Options traders are paring bearish rupee bets on signs Indian central bank Governor Raghuram Rajan will deploy the war chest of foreign exchange he built up over the past two years.

Rajan said on Aug. 24 that India will use its reserves to stem rupee swings after China’s shock yuan devaluation triggered a sell-off of emerging-market assets. India’s currency hoard has fallen $3.4 billion from $355 billion on Aug. 21, a sign the Reserve Bank of India is already intervening to keep the exchange rate stable as the U.S. Federal Reserve considers raising borrowing costs.

“The rupee will outperform Asian currencies over the medium term,” said Amit Agrawal, a strategist at Societe Generale SA in Bengaluru. “Ample reserves give India enough ammunition to counter any heightened bout of volatility.”

One-month options offering the right to sell the rupee cost 153 basis points more than those to buy, down from 223 on Aug. 27, the highest since November 2013. The so-called risk-reversal rate dropped 52 basis points last week, the most since February last year. The currency, which traded at 66.33 a dollar in Mumbai on Wednesday, will appreciate to 65.75 by March, according to the median estimate in a Bloomberg survey of analysts.

The rupee plunged 3.5 percent in August, the most in two years, as global funds sold a net $2.6 billion of Indian shares in the biggest monthly outflow since 2008. Malaysia’s ringgit sank 8.6 percent last month while Indonesia’s rupiah depreciated 3.8 percent. The Indian currency rose 0.3 percent on Wednesday and has climbed 0.2 percent so far in September.

Rajan, a former chief economist at the International Monetary Fund, said Aug. 24 that India is in a “good position” compared with other emerging markets, citing reasons such as moderating inflation, low short-term currency liabilities and a narrowing fiscal deficit. The central bank had been buying dollars to build reserves. It purchased a net $565 million in the spot market in June alone, taking total purchases in 2015 to $36 billion, according to data compiled by Bloomberg.
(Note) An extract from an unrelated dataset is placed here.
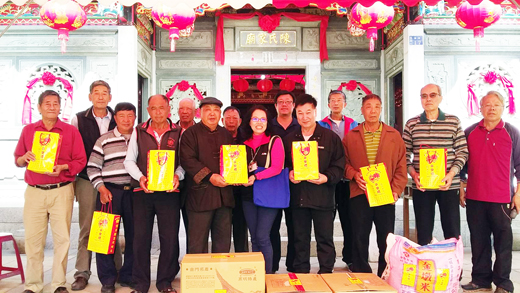 昨適逢冬至祭祖,高坑陳氏家廟特別配合明(24)日登場的奠安慶典,安排了一場溫馨的公益活動,藉著宗親和企業聯合贊助的物資,致贈晨光園工生代表平安禮,期待秉持先人友愛鄉里的訓示和疼惜照顧每個人的精神,讓社會更和諧、更溫馨。 這場集結宗親力量共同贊助平安禮的捐贈儀式,昨天在高坑陳氏家族冬至吃頭祭祖現場進行,活動由奠安主任委員陳榮華主持,獲邀的晨光園工生代表到場受禮,對於陳氏家廟的用心,與會的晨光代表一行也表達了萬分的謝意。 高坑陳氏宗親會理事長陳容為表示:藉著家廟奠安慶典活動,為發揚陳氏先人潛德之幽光,宗親會總幹事陳德鵬日前特別號召高坑企業有限公司,高城製麵廠、金門代書事務所、是誠陶笛、小林陳舍、金農特產、金龍體育用品及眾宗親姻親子孫輩等匯集微薄力量,聯合贊助平安米、平安麵線等奠安祈福禮品,一方面希望大家共同來參與,為弱勢團體貢獻一份心力,也希望藉以拋磚引玉,喚起個人與企業的愛心,出錢出力,打造「社會有情,人間有愛」正向循環的善力。

“We will have no hesitation in using our reserves when appropriate to reduce volatility in the rupee,” Rajan told a conference in Mumbai. “Once market volatility settles down, India should emerge once again as an investment destination of choice.”

The rupee’s three-month implied volatility, a gauge of expected swings used to price options, dropped to 8.08 percent on Wednesday from as high as 10.08 percent in August, signaling reduced potential for losses.

The S&P BSE Sensex index of stocks, India’s benchmark equity gauge, slumped to a 15-month low on Monday as the prospect of higher U.S. interest rates and a deepening economic slowdown in China curbed demand for riskier assets.

Official data last week showed India’s economy expanded 7 percent last quarter, putting it on par with China as the world’s fastest-growing major economy. The rate of growth though was slower than 7.5 percent in the three months ended March 31, and below the median estimate of 7.4 percent in a Bloomberg survey.

More Intervention

SocGen’s Agrawal expects the central bank to continue intervening in the spot and forwards markets to limit volatility if the pressure on developing-nation currencies remains in place.

ING Groep NV, the top rupee forecaster in Bloomberg’s quarterly rankings, said last month that the currency will outperform Asian peers as India is less exposed to the slowdown in China. Exports to China comprise less than 10 percent of the total overseas shipments from Asia’s third-largest economy.

The past year’s 50 percent slide in Brent crude prices helped ease consumer inflation to an eight-month low in July. It also contributed to narrowing the net oil-importing nation’s current-account deficit to a seven-year low of $27.5 billion in the year ended March 31.

The rupee will earn 7.2 percent, including interest, by mid-2016, the best total return in the region, according to Bloomberg surveys of strategists.

“India is relatively better placed in Asia to withstand Fed hikes and is among the best positioned in the region to benefit from lower oil prices,” said Sue Trinh, head of Asia foreign-exchange strategy at Royal Bank of Canada in Hong Kong. “We expect the rupee to be one of the outperformers.”